Я задумалась, взглянула в его лицо. Красивое, умное и любимое лицо. Он ждал ответа, и на мгновение мне показалось, что для него это важно, может быть, так же, как и для меня.
– О’кей. Пусть будет «ты», хотя мне претит такое явное нарушение субординации, а касательно второй части, я вовсе не думаю, что вы, прости, ты мальчик и глупый щенок, я уверена, что ты очень и очень взрослый, очень большой и смазливый, испорченный и эгоистичный кобель, – я выложила это на одном дыхании. Мне не хотелось его обижать, честно, особенно сегодня, но я просто обязана была это сделать либо рисковала ему поверить и пропасть ни за что.
– Таак. Значит, ты меня взяла и скоренько причислила к этому подвиду? – Он рассердился и сжал мою ладонь так, что что-то подозрительно хрустнуло.

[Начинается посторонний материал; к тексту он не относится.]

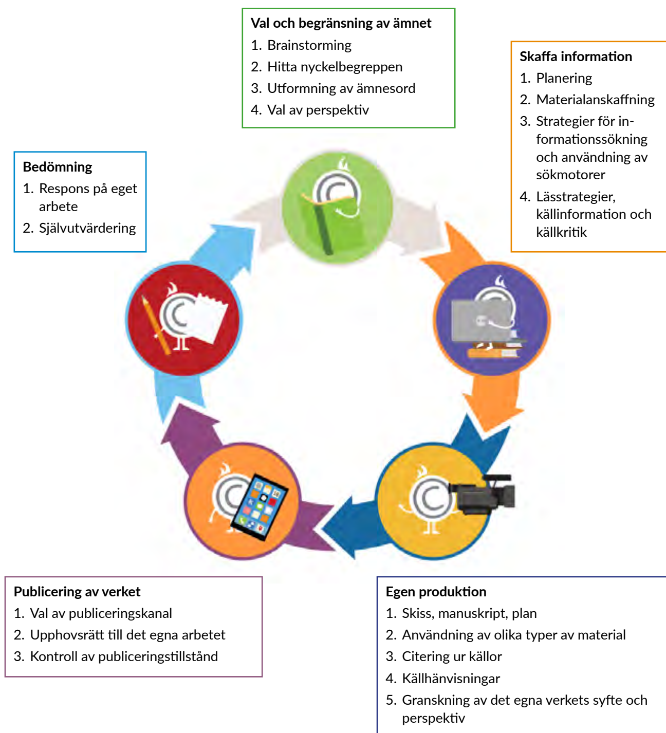
BILD 5. Den studerandes eget arbetes stig

Upphovsrättsrelaterade kunskaper och färdigheter är en del av multilitteraciteten, eftersom de behövs i kreativt skapande när man 1) använder, 2) producerar och 3) delar innehåll. Processen för det kreativa skapandet följer projektarbetets olika skeden, som beskrivs i materialet om kreativt skapande (BILD 5). Modellen kan användas i vilken kurs som helst där man arbetar med olika slags projektarbeten.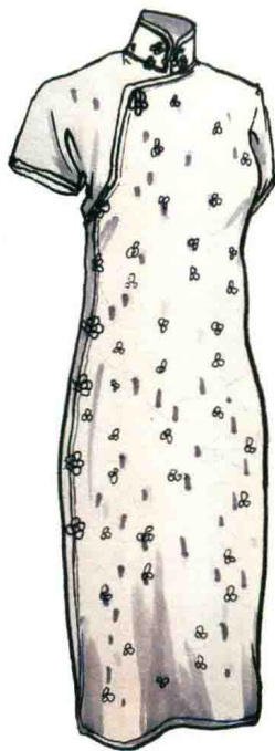
图1-4 (e) 20世纪30年代紫色拷花丝绒旗袍 图1-4 (f) 20世纪30年代浅黄小花纹绉短袖旗袍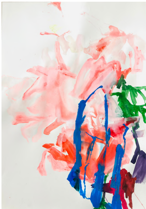
sans titre, 2024, technique mixte sur papier, 100x70cm. 3000€

– А что мне, позволь спросить, остается? После того как ты столько раз пробовал на мне свою неоригинальную методику укладывания в постель. А ведь я умоляла о партнерстве в чистом виде! Нет, ты, Андрей, принадлежишь к категории самцов-олимпийцев.

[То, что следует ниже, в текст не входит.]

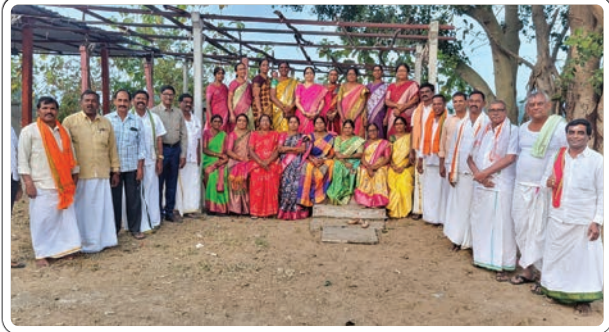
చొప్పదండి, నవంబర్ 25 (ప్రజాజ్యోతి):

– То есть? – Он недоумевал.
– Ну то есть, если цель легко достижима, то это вам ни к чему, а вот если сопротивляется и бьет копытами, то надо во что бы то ни стало установить рекорд.
– Значит, так, да? – Мои бедненькие суставы уже хрустели вовсю. – А тебе не приходило в голову, что меня интересует не гипотетическое достижение цели, а сама цель? Ну то есть ты. Не задумывалась, что ты мне нравишься, и всё, а?
– Чушь! – Я все-таки сумела сохранить все кости в целости, выдернув у него свою руку. – Предложи эту сказку в «Спокойной ночи, малыши». «Ой, тетя Таня, расскажи Хрюше со Степашкой сказочку про белого бычка». Чушь! Такая, как я, не может представлять для тебя никакого интереса, кроме спортивного. Ты сейчас тут распинался насчет перехода к серьезным отношениям. Звучит очень красиво, просто идеально, но если отбросить лингвистические изыски и сказать по-человечески, то это значит: «Кончай выпендриваться, милая, и давай-ка в кроватку, побалуемся. Нечего корчить из себя королеву „Шантеклера“!» Разве не так? Мне уж точно не шестнадцать, и объективно я на себя смотреть научилась. Ты не для таких, как я. И это не низкая самооценка, а всего лишь понимание ситуации. Оставь меня в покое и ищи себе пару из своего круга и статуса. – Кстати, пока я выкладывала этот монолог, я сама себя накрутила и конкретно на Андрея обозлилась. Весь этот необыкновенный день пошел прахом. Я с яростью уставилась на него.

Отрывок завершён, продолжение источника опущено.